RECORDS SHOWN:
*** Begin section ***

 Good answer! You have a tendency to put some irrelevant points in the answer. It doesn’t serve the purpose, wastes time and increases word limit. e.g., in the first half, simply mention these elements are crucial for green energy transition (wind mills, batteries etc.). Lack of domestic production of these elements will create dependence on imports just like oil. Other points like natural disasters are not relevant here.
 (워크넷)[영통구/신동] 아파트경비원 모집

*** End section ***
*** Begin section ***

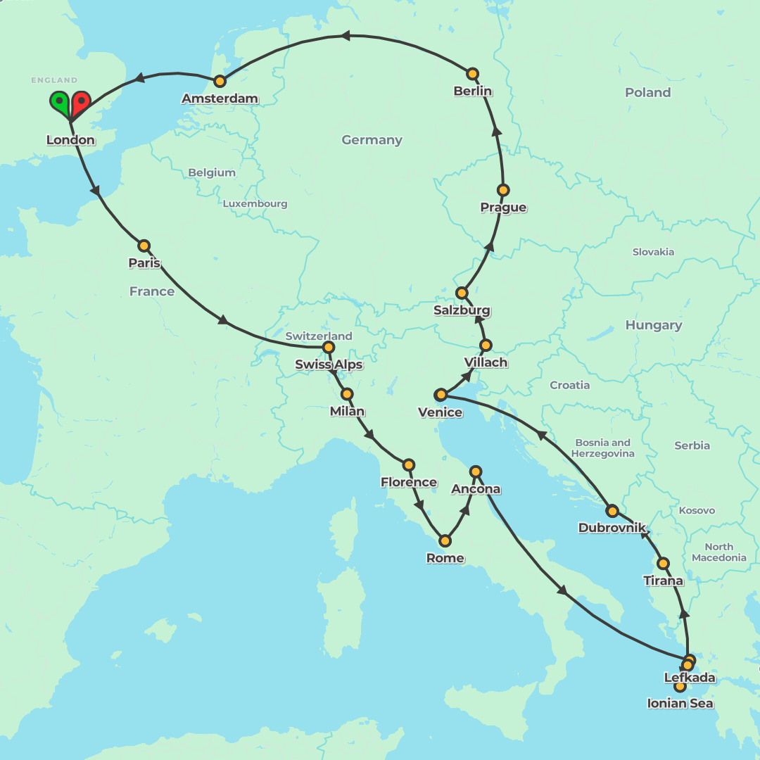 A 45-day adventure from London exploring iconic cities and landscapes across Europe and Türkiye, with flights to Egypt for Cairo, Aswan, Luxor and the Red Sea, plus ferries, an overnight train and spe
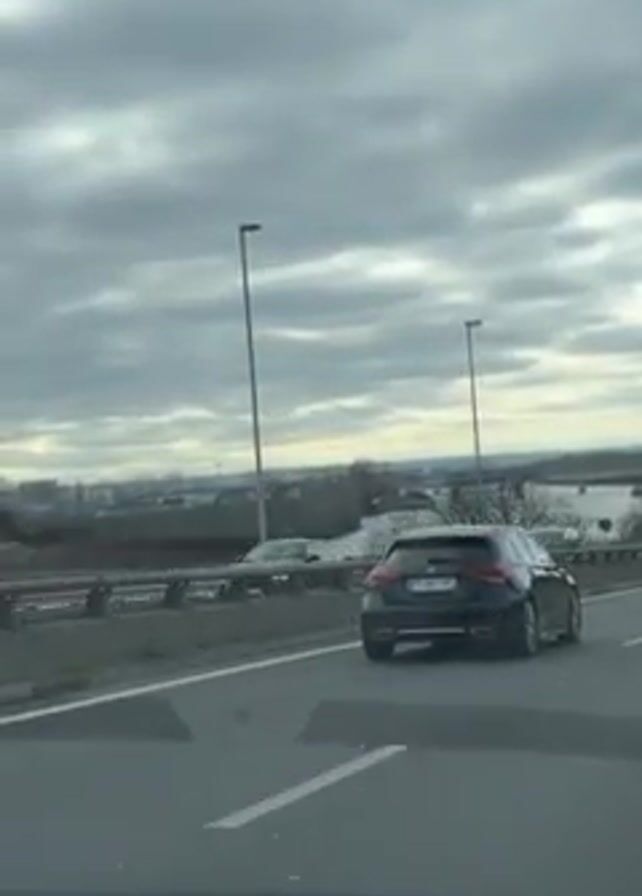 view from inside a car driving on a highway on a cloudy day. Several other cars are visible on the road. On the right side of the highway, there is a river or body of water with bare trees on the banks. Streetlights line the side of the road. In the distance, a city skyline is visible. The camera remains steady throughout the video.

*** End section ***

WHAT IS EXPECTED:
Which lines above run from the one containing "Good answer! You" to the one containing "(워크넷)[영통구/신동] 아파트경비원 모집"? Give them again exactly, both ends included.

TASK OUTPUT:
 Good answer! You have a tendency to put some irrelevant points in the answer. It doesn’t serve the purpose, wastes time and increases word limit. e.g., in the first half, simply mention these elements are crucial for green energy transition (wind mills, batteries etc.). Lack of domestic production of these elements will create dependence on imports just like oil. Other points like natural disasters are not relevant here.
 (워크넷)[영통구/신동] 아파트경비원 모집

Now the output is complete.